** PROBLEM REQUIREMENTS **
Will you write out, word for word, every line from the one with "증평군은 37사단과 2161부대" to the final line of the data below, with the pictures left out?

** INFORMATION SHOWN **

------------------------------------------------------------------------

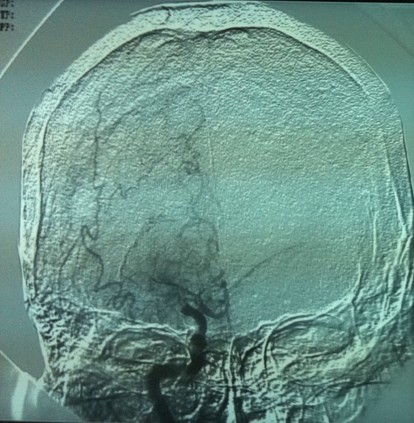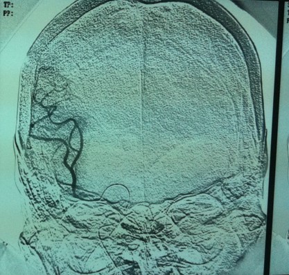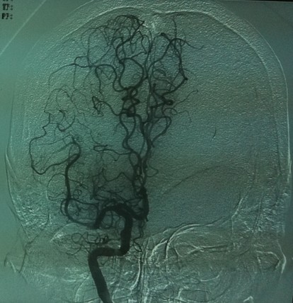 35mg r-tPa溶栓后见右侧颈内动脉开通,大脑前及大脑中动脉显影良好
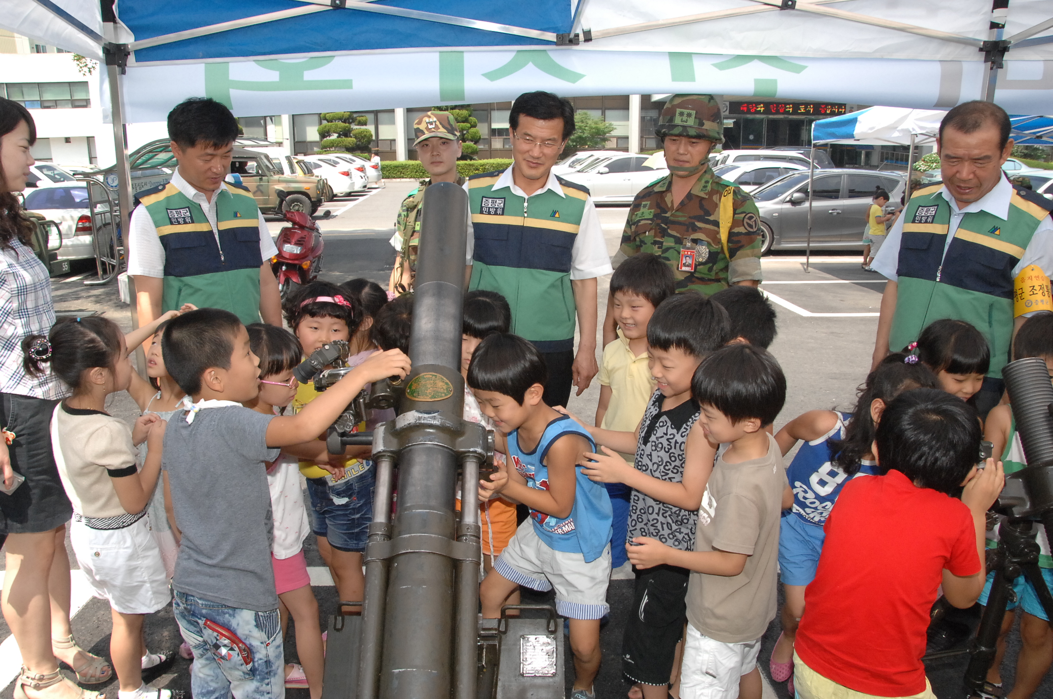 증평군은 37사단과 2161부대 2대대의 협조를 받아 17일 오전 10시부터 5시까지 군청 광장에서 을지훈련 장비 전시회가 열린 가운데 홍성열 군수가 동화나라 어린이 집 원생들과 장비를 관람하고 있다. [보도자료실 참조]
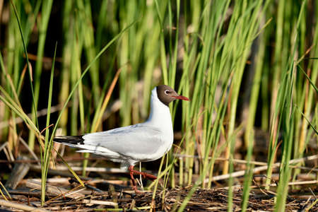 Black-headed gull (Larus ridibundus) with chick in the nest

------------------------------------------------------------------------

** WRITTEN RESPONSE **
 증평군은 37사단과 2161부대 2대대의 협조를 받아 17일 오전 10시부터 5시까지 군청 광장에서 을지훈련 장비 전시회가 열린 가운데 홍성열 군수가 동화나라 어린이 집 원생들과 장비를 관람하고 있다. [보도자료실 참조]
 Black-headed gull (Larus ridibundus) with chick in the nest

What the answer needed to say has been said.